After years of talking about our potential to collaborate on remote sensing and geospatial mapping technologies, I finally had an opportunity to work with some colleagues at the Michigan Tech Research Institute (MTRI). We decided to scrape together some resources so we could experiment. Rick Dobson, Research Scientist, and David Banach, Assistant Research Scientist, were both going to be in Houghton in July for some other important meetings. We convinced their boss to extend their visit so that we could get a few days to fly UAVs over industrial heritage sites in the Copper Country.
I took David and Rick to different places. After considering the gear we had and the time of year, we decided to focus our efforts on the Quincy Smelter site (Figure 1). The Quincy Smelter is the last standing 19th Century copper smelter in the country. Built in 1908 by the Quincy Mining Company, people worked at the smelter until 1971, when the company finally shut down the operation. The company locked the doors and left the site alone, with the hope they could reopen and resume operations in the future. The reopening never happened, but even after years of neglect, the facility is still remarkably intact. The National Park Service recognized the importance of the smelter as a heritage resource, including it in the Quincy Mining Company National Historic Landmark District and ultimately within the boundaries of Keweenaw National Historical Park.
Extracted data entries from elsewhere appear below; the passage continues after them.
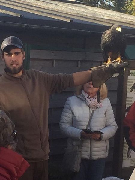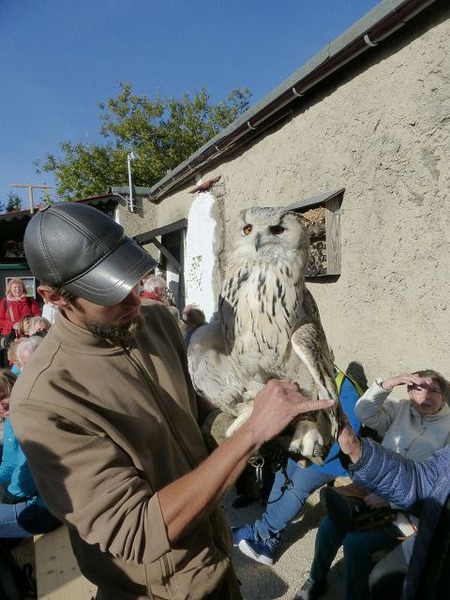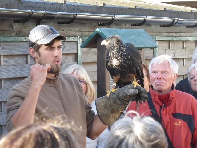 Nach dem Start ging es zunächst hinauf auf den Feldberg, den höchsten Berg im Taunus. Hier wurde die Geschichte der Falknerei eindrucksvoll von Falkner Wick dargestellt. Danach erläuterte er die verschiedenen Greifvögel, deren Unterscheidungsmerkmale, Lebensräume und Fangarten.
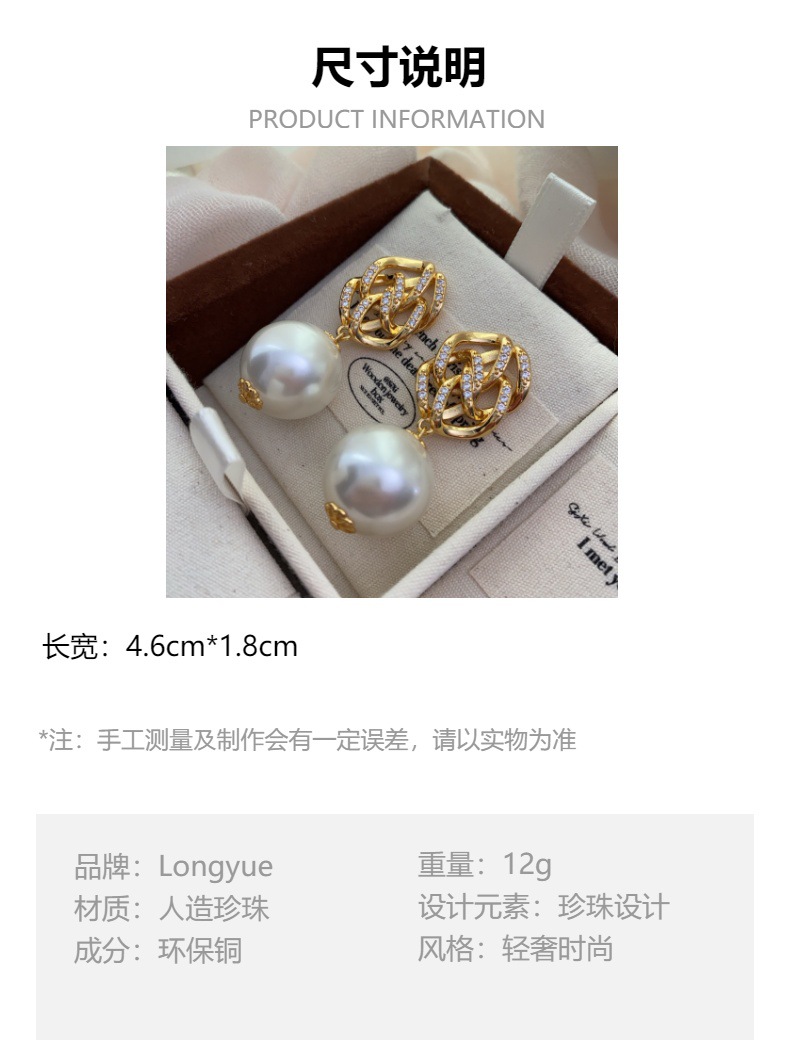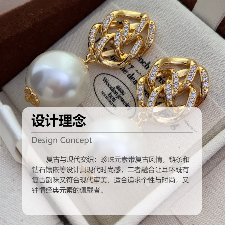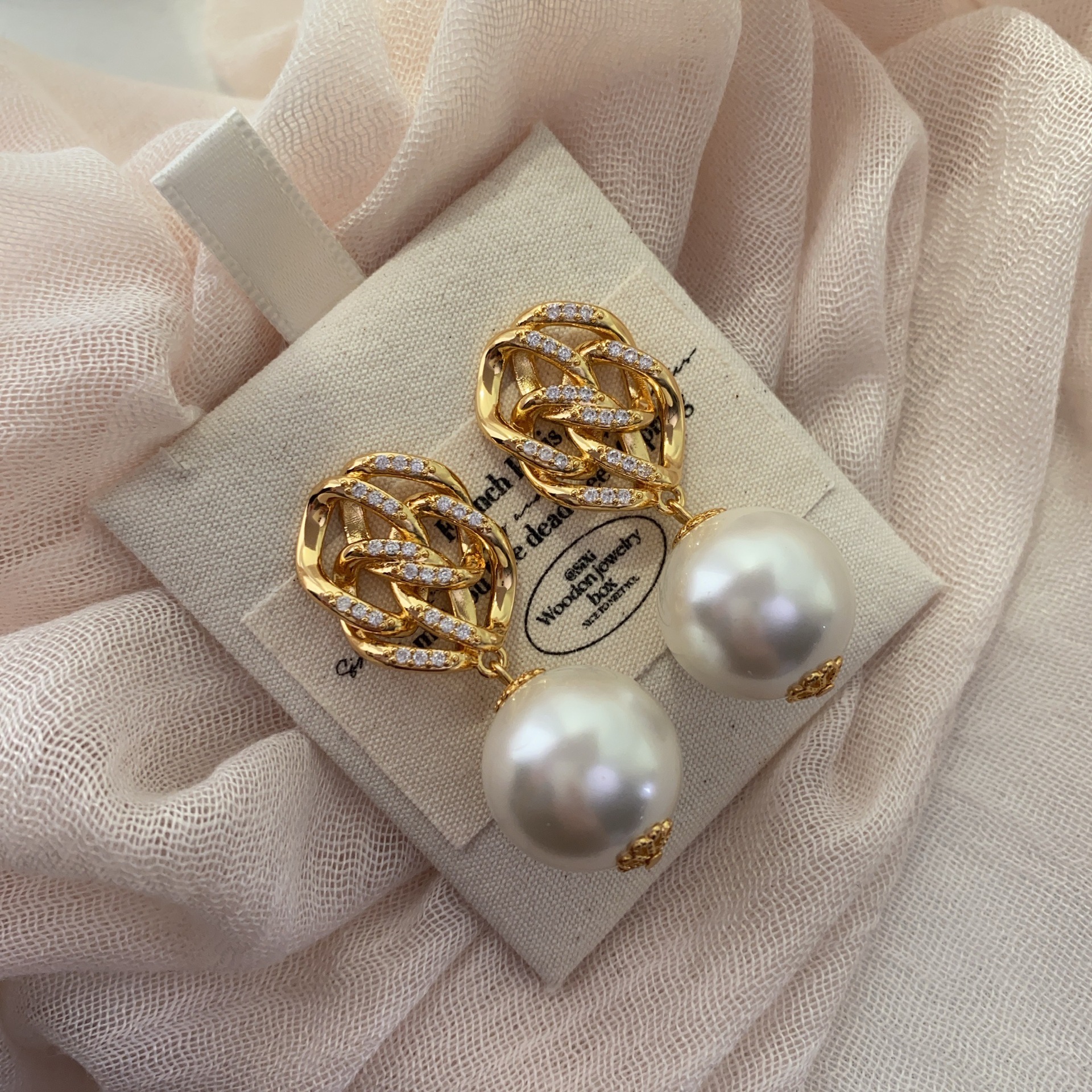 轻奢高级感气质小香风耳钉欧美夸张优雅个性大珍珠吊坠通勤耳环女
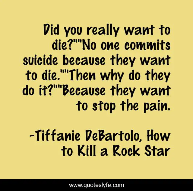 This page presents the quote "Did you really want to die?""No one commits suicide because they want to die.""Then why do they do it?""Because they want to stop the pain.". Author of this quote is Tiffanie DeBartolo, How to Kill a Rock Star. This quote is about intent, suicide, pain,.
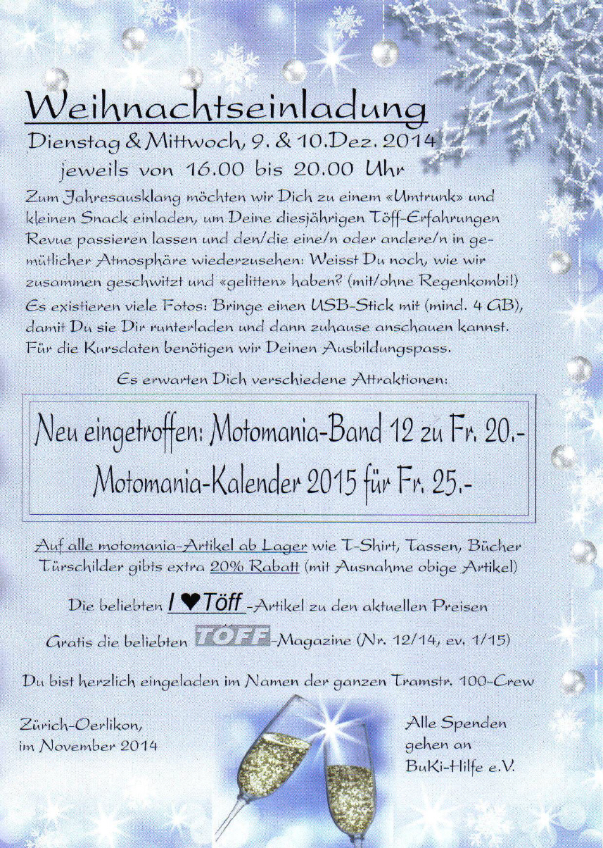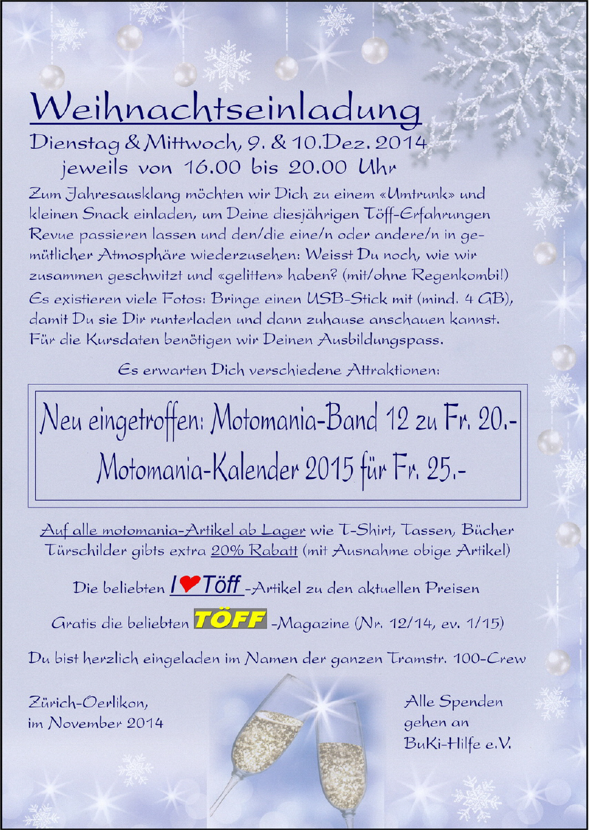 Liebe Töff-(Lern-)Fahrerin, liebe Töff-(Lern-)Fahrer Liebe «Tramstr.100»-Ehemalige, Fans & Freunde |

While the Franklin Township held the property for many years, caring for it as well they could, the Keweenaw National Historical Park Advisory Commission finally acquired the property. With the help of the Quincy Mine Hoist Association and the Quincy Smelter Association, the site is now open for guided tours Monday through Saturday, late June through mid-October. (Information on Facebook sites here and here!)Reports and publications from this work will be submitted to the Keweenaw National Historical Park Advisory Commission so the information can be used to guide future management decisions and in the development of interpretive programming. Copies will also be archived at Michigan Tech's University Archives and Historical Collections, and if given permission, we will make them free to download from the Department of Social Sciences website.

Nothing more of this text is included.